The legal-administrative regime and, in particular, the view of Administrative Law as the set of powers of the State to the detriment of the administered, gave rise to mistaken views and strong resistance to the scientific study of the exception. On the other hand, Luis Manuel Fonseca Pires overcomes these shortcomings. Rescuing the antecedents of its formation in France in the XNUMXth century – much more inclined to authoritarianism than to the limitation of power and protection of citizens – it concludes that the foundations of Administrative Law – namely: administrative function, administrative legal regime and public interest – can frustrate the expectations announced in their theoretical formulations if they are instrumentalized to serve, voluntarily, the authoritarian political will, especially through reactionary public policies in culture and education, lack of transparency, police power in pursuit of enemies and use of administrative discretion to purposes of concealing authoritarian political wills.

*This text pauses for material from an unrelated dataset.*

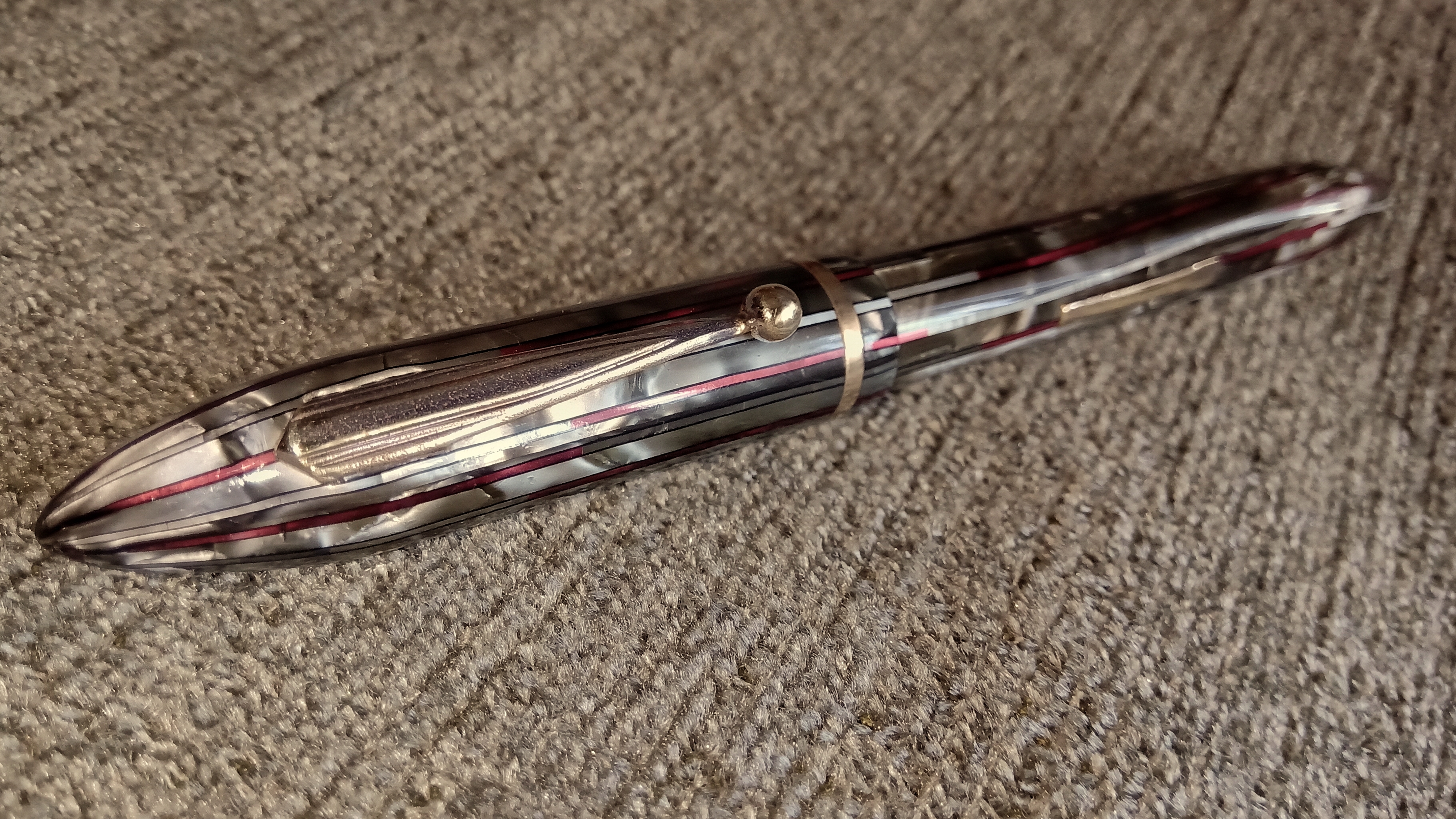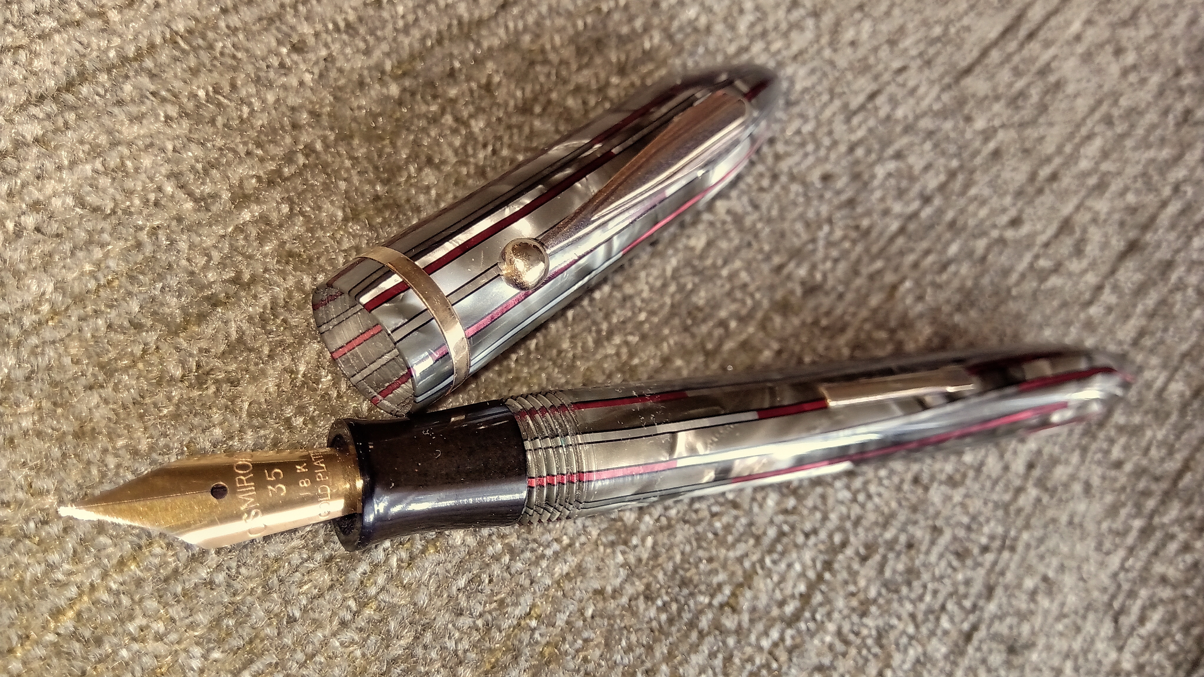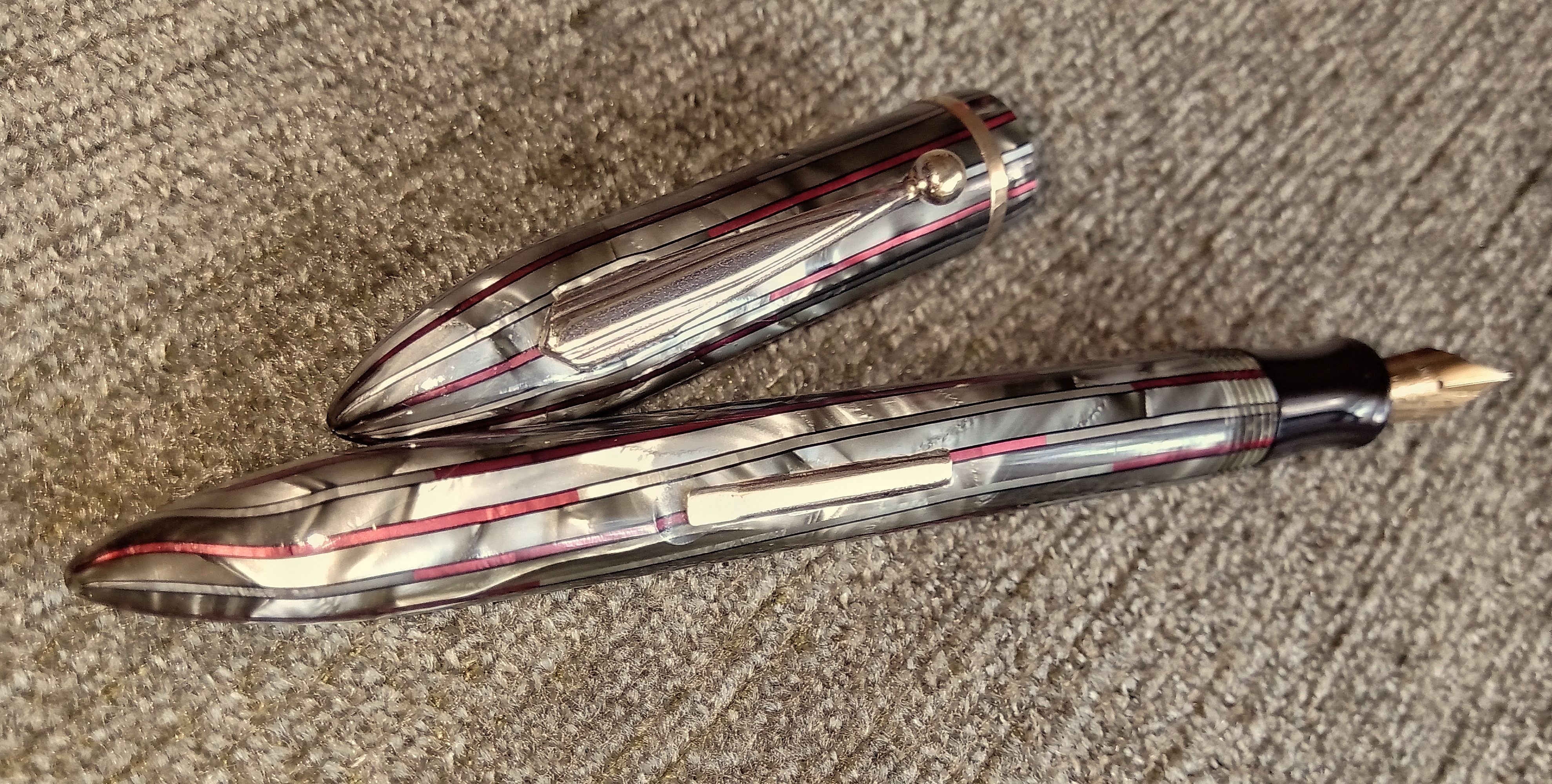 Bellissima imitazione del design della Sheaffer's Balance, degli anni 30/40 circa, dove anche in questo caso appare solo l'impronta dell'origine, con sistema di caricamento a leva, pennino aperto non originale Osmiroid placcato oro 18k, impugnatura in ebanite, corpo e capuccio in celluloide laminato marmorizzato in argento perlato e scanalature longitudinali in argento e bordeaux, clip levetta e fascia del cappuccio che all'epoca erano cromati ma non ressero al tempo...

When noticing that the states of exception gradually weaken the spaces and meanings of democracy, as well as public spaces of education, culture, fundamental rights such as freedom of expression and principles inherent to the democratic State of Law and to the political-administrative organization, such as independence from the powers, the work assumes a prominent position among those that analyze authoritarianism in contemporary times. In the same way, the work will certainly be a relevant source of inspiration for the resistance to authoritarianism that is spreading in Brazil today and that has been suffocating, in simulacrum, popular sovereignty, as well as democratic and republican instruments, fundamental rights and, on a broader scale, social cohesion and a sense of belonging.

Finally, the work confirms the tendency already existing in the author's previous works of, without any favors, inscribing himself as one of the most relevant Brazilian jurists of his generation.

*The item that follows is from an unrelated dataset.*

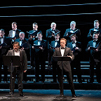 В этой буффонной стихии господствуют стремительные темпы, гибкие речитативы, изощренный по гармоническим и ритмическим решениям оркестр и многочисленные ансамбли, доходящие до девяти поющих участников. Здесь нет неподъемных по сложности арий (точнее, арий нет совсем, только краткие ариозо), и все-таки эта опера – сущее испытание для певцов и дирижера: она поистине виртуозна. В ней жизненно важны четкий темпоритм, точность и синхронность, одновременно в ней ни в коем случае нельзя терять «россиниевскую» легкость музицирования, иначе она обернется тяжким, очевидным для публики трудом и невыносимым занудством. Валерию Гергиеву с его энергичной манерой дирижирования полностью удается этого добиться: он ловко сплетает вокальную и оркестровую вязь в единое полотно – музыка летит, увлекая в комедийном вихре и певцов, и оркестр, и публику.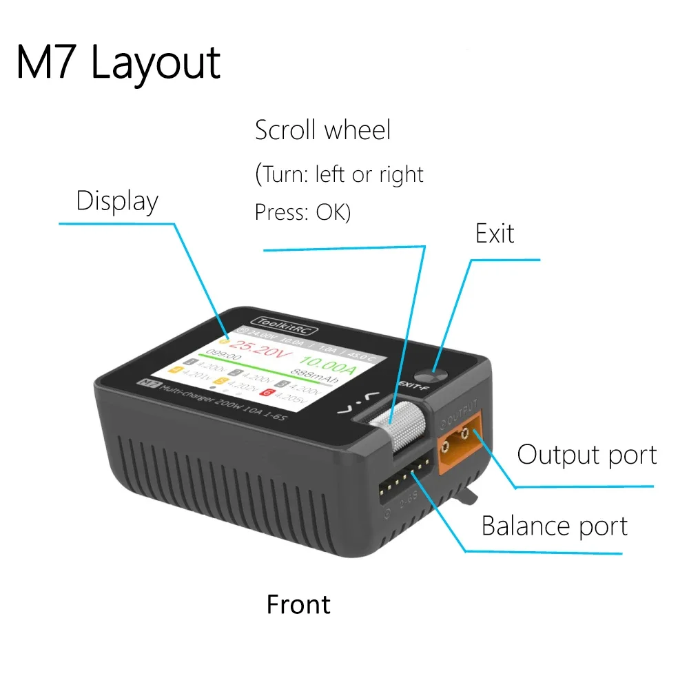 M7 — це багатофункціональний інструмент із серії Tool Chain, який поєднує в собі функції балансного зарядного та розрядного пристрою, електричного дисплея, пристрою вимірювання сигналів і джерела сигнал

*Alysson Leandro Mascaro He is a professor at the Faculty of Law at USP. Author, among other books, of Utopia and law: Ernst Bloch and the legal ontology of utopia (Latin Quarter).

Pedro Estevam Alves Pinto Serrano and pProfessor of Constitutional Law and Legal Theory at PUC-SP. Author, among other books, of Authoritarianism and Coups in Latin America: Brief Essay on Jurisdiction and Exception (Alameda).


Luis Manuel Fonseca Pires. States of exception: The usurpation of popular sovereignty. São Paulo, Countercurrent, 2021, 184 pages.